This turns out to be quite complicated, because the icache has a lot
of different counters that all track addresses or fill buffer state.
For an inductive proof to go through, you need to make the relations
between them explicit, which takes lots of assertions.
All of the signals defined in the formal_tb are prefixed with 'f_'.
This isn't strictly necessary, but it makes it much easier to see what
came from the design (since we are "bound in", our ports don't have _o
or _i suffixes).
We add a couple of protocol assumptions:
ICache <-> Core:
- Branch target addresses are half-word aligned
- The branch_spec signal is driven if branch is
ICache <-> Memory:
- The bus doesn't respond unless there is an outstanding request
- The bus doesn't grant more than 4 billion outstanding requests(!)
There's also some protocol state tracking:
- f_addr_valid tracks whether the ICache currently has an
architectural address. It goes high with branch_i (which gives the
cache an address) and goes low when the cache completes a
transaction with err_o set (since the data is bad, there's no
notion of a "next address").
- f_reqs_on_bus tracks the number of requests currently outstanding
on the bus. This is used for the ICache <-> Memory assumptions
above. We have some internal assertions that check this equals the
sum of the "ext" counters minus the sum of the "rvd" counters.

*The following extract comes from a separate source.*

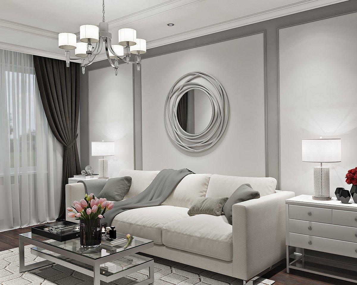 Ахроматические цвета дают гармоничное сочетание, не напрягающее глаза и хорошо подходящее как для малогабаритных, так и для более просторных комнат. Интерьер гостиной в бело-серых тонах может быть разным: для уютной камерной обстановки лучше подойдёт сливочный или молочный оттенок (т. е. не ярко-белый).

With these assumptions, we can prove:
- Once asserted, valid_o stays high until a transaction is completed
by ready_i or until branch_i is asserted (which cancels the
transaction).
- While the transaction is pending, addr_o remains stable.
- While the transaction is pending, err_o remains stable and, if
err_o is asserted, so does err_plus2_o.
- While the transaction is pending, if err_o and err_plus2_o are
high then bottom 16 bits of the returned instruction data imply an
uncompressed instruction.
- While the transaction is pending, if err_o is low then the bottom
16 bits of the returned instruction remain stable.
- While the transaction is pending, if err_o is low and the bottom
16 bits of the returned instruction imply an uncompressed
instruction then the top 16 bits of the returned instruction
remain stable.
To get this working, you need a corresponding patch in Edalize, which
adds SymbiYosys as an EDA tool.
At the moment, this proves a couple of simple bus assertions. Later
patches will add more.
There are currently some rough edges to this flow:
(1) We use a hacky pre_build hook to run sv2v and edit the files in
the work tree. Among other problems, this means that the any
failure messages that come out of sby have bogus line numbers.
(2) Since we haven't yet got bind support in Yosys, we have to
include a fragment from the design itself.